Marco Roscher scite author profile

A well-justified stratigraphical correlation of continental successions and new palaeogeographic reconstruction of Pangaea reveal new insights into the northern Pangaean climate development influenced by palaeogeography, palaeotopography, glacio-eustatic sealevel changes and ocean currents. The overall Permo-Carboniferous aridization trend was interrupted by five wet phases. These are linked to the Gondwana icecap. The aridization and weakening of wet phases over time were not only caused by the drift of northern Pangaea to the arid climatic belt, but also by the successive closure of the Rheic Ocean, which caused the expansion of arid/semi-arid environments in the Lower/Middle Permian.
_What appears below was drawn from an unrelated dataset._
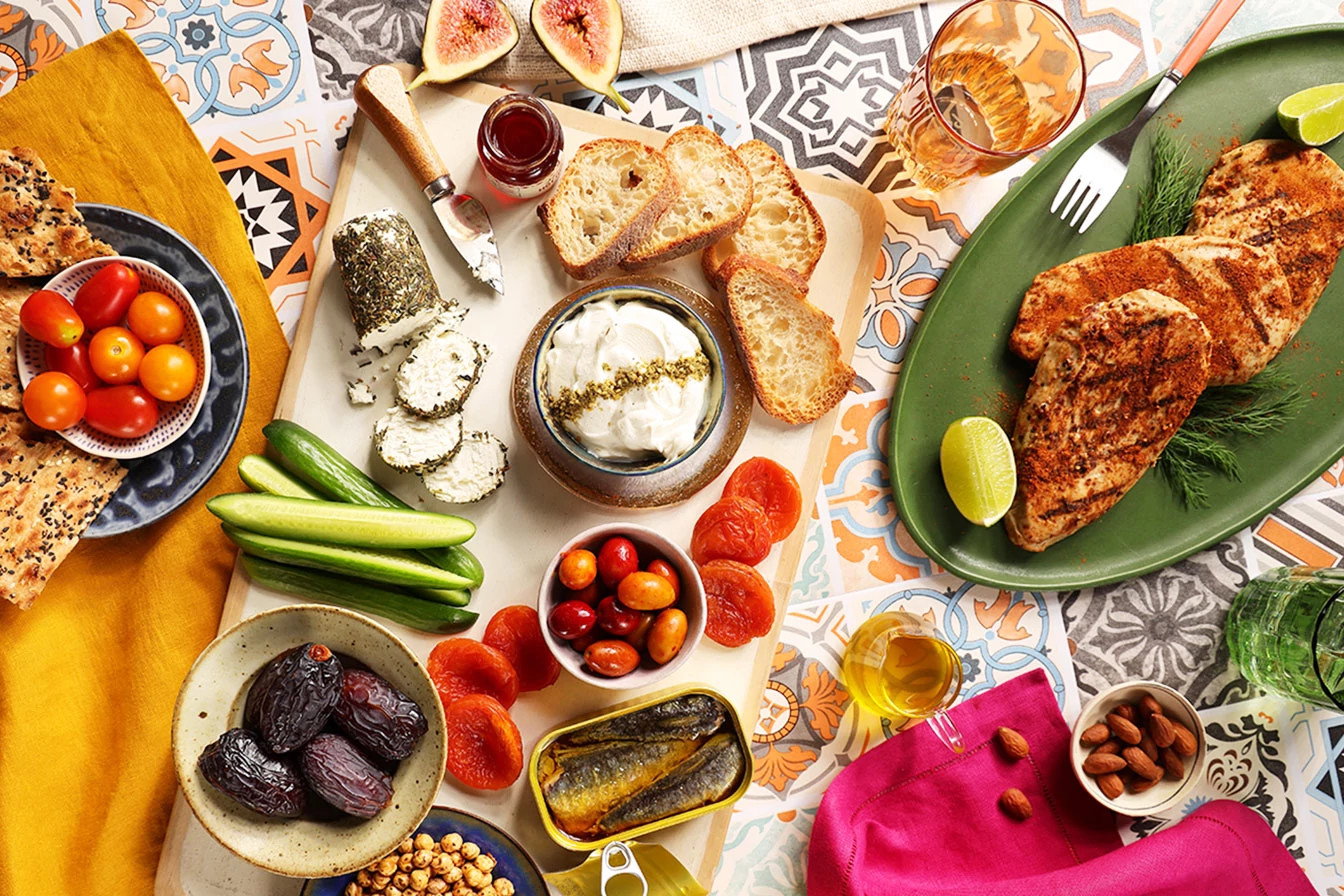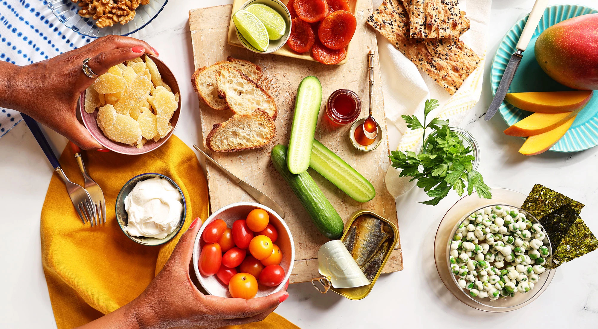 “The small bursts of juicy sweetness in the cherry tomatoes provide a generous dose of vitamins A and C,” Agyeman says. Labneh, a type of Middle Eastern strained yogurt, does double duty in this board. “Packed with probiotics and calcium, labneh’s creaminess and tanginess adds the perfect flavor to the board and can be easily paired with vegetables.” Having a good charcuterie board requires a balance of protein, fats and carbs to satisfy, which Agyeman does by adding whole-grain crostini, spicy olives and sardines (high in omega-3 fatty acids). Dried apricots and figs add a sweet and fiber-rich component (and are a nod to the open-air markets in Morocco teeming with dried fruits!).

The end of the Gondwana glaciation rearranged ocean circulation, leading to a cold, coast-parallel ocean current west of northern Pangaea, blocking moisture coming with westerly winds. The maximum of aridity was reached during the Roadian/Wordian. The Trans-Pangaean Mountain Belt was non-existent. Its single diachronous parts never exceeded an average elevation of 2000 m. The maximum elevation shifted during time from east to west. The Hercynian orogen never acted as an orographic east-west barrier, and the Inter-Tropical Convergence Zone was widely displaced, causing four seasons (dry summer/winter, wet spring/autumn) at the equator and a strong monsoon system.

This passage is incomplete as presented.